**Prompt**
Exact reproduction required: the lines below from the line with "婦人過馬路跌倒起不來,男神貝克漢超暖心「用車保護」網友讚爆!" to the line with "红蜻蜓短靴女妈妈加绒保暖靴子女粗跟牛皮靴女中跟女棉靴 WTC434421C", both ends included, and no others.

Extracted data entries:
──────────────────────────────
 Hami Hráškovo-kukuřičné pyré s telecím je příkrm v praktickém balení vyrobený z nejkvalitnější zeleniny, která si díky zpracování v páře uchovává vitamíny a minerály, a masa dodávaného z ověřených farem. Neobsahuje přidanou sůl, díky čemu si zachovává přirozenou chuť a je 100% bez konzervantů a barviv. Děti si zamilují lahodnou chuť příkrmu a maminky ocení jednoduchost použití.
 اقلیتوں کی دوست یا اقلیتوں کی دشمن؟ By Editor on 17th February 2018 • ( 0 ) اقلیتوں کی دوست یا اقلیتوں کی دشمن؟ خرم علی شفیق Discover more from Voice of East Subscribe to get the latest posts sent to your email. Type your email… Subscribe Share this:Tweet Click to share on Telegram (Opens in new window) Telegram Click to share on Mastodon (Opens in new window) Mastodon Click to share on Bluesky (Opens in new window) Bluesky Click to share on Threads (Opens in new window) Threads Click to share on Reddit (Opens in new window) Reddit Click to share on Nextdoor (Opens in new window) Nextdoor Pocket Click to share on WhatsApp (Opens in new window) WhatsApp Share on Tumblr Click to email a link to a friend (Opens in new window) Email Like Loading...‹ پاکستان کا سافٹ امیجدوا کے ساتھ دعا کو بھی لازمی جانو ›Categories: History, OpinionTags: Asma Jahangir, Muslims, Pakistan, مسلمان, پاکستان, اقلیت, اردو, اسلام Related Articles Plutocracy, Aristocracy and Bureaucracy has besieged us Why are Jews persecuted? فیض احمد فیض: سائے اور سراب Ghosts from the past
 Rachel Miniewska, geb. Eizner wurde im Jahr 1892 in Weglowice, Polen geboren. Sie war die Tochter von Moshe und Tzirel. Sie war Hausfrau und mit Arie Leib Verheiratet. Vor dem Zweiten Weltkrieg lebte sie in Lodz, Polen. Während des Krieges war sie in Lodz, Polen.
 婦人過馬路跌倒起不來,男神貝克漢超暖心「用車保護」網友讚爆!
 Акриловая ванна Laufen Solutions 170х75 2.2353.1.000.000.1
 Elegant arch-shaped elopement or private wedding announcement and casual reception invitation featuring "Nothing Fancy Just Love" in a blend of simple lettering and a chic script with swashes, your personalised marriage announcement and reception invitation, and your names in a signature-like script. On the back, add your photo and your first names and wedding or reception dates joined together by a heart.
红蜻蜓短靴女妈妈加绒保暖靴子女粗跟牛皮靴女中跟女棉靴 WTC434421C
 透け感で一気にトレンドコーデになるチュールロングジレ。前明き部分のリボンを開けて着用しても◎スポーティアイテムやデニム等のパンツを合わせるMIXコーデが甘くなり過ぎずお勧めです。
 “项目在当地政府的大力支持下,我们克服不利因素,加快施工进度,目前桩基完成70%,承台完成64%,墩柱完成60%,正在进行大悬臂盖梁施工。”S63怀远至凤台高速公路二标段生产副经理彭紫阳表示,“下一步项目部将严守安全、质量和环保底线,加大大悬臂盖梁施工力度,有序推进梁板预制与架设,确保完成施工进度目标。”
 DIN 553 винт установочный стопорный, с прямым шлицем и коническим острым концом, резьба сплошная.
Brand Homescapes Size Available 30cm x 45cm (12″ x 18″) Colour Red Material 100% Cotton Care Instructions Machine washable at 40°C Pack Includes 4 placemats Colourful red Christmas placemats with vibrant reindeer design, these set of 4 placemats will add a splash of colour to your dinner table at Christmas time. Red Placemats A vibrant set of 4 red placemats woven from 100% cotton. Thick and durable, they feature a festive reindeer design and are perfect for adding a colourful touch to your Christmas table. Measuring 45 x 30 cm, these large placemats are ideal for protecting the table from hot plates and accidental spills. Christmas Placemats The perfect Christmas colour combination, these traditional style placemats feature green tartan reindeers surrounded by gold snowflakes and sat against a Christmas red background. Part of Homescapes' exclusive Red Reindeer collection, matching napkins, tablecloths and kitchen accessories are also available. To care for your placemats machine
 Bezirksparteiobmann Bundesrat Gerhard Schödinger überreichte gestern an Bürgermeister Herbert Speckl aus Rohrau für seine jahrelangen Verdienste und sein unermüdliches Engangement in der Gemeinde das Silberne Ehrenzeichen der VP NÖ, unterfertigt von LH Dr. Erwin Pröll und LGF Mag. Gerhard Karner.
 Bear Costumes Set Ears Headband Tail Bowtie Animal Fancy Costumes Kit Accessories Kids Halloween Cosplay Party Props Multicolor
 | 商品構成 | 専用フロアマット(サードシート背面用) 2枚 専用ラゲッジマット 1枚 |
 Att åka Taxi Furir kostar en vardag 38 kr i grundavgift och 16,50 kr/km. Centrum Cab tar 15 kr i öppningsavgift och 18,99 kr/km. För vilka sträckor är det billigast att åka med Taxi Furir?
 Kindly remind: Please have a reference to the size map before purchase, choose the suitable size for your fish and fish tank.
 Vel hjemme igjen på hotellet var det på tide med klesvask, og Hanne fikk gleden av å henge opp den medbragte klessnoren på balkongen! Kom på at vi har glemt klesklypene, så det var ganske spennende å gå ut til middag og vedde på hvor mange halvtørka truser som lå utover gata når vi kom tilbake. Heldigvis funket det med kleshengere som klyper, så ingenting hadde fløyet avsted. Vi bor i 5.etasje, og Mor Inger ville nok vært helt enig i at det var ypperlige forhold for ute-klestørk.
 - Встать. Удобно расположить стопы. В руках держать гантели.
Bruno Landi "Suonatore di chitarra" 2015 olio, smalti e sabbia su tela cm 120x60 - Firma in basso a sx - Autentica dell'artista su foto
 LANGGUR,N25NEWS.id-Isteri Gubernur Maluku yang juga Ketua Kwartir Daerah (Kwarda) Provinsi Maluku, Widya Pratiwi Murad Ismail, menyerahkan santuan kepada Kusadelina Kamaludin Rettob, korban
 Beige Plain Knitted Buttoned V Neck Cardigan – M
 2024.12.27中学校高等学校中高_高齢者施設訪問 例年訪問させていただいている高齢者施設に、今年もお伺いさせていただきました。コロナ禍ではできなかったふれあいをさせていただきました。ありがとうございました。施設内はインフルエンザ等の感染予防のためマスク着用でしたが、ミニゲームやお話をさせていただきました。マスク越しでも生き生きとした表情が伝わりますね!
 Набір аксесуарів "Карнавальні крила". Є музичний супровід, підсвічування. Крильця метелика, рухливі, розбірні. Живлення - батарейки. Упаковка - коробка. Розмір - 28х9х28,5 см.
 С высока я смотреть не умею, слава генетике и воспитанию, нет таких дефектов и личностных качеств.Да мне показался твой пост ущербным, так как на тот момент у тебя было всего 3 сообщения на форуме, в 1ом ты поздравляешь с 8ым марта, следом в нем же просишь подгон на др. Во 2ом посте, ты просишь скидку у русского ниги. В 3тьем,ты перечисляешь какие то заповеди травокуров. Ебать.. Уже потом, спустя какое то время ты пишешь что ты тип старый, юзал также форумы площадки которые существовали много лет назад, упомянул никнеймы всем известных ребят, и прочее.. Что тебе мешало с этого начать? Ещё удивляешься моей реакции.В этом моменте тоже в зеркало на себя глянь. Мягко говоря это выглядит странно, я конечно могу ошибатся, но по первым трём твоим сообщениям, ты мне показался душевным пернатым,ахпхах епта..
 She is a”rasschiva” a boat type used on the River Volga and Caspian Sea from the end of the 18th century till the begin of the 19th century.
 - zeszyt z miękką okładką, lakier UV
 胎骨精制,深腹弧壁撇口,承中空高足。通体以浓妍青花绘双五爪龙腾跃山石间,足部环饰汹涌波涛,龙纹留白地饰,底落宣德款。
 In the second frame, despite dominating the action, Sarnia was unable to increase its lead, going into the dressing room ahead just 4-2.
──────────────────────────────
**Answer to the problem**
 婦人過馬路跌倒起不來,男神貝克漢超暖心「用車保護」網友讚爆!
 Акриловая ванна Laufen Solutions 170х75 2.2353.1.000.000.1
 Elegant arch-shaped elopement or private wedding announcement and casual reception invitation featuring "Nothing Fancy Just Love" in a blend of simple lettering and a chic script with swashes, your personalised marriage announcement and reception invitation, and your names in a signature-like script. On the back, add your photo and your first names and wedding or reception dates joined together by a heart.
红蜻蜓短靴女妈妈加绒保暖靴子女粗跟牛皮靴女中跟女棉靴 WTC434421C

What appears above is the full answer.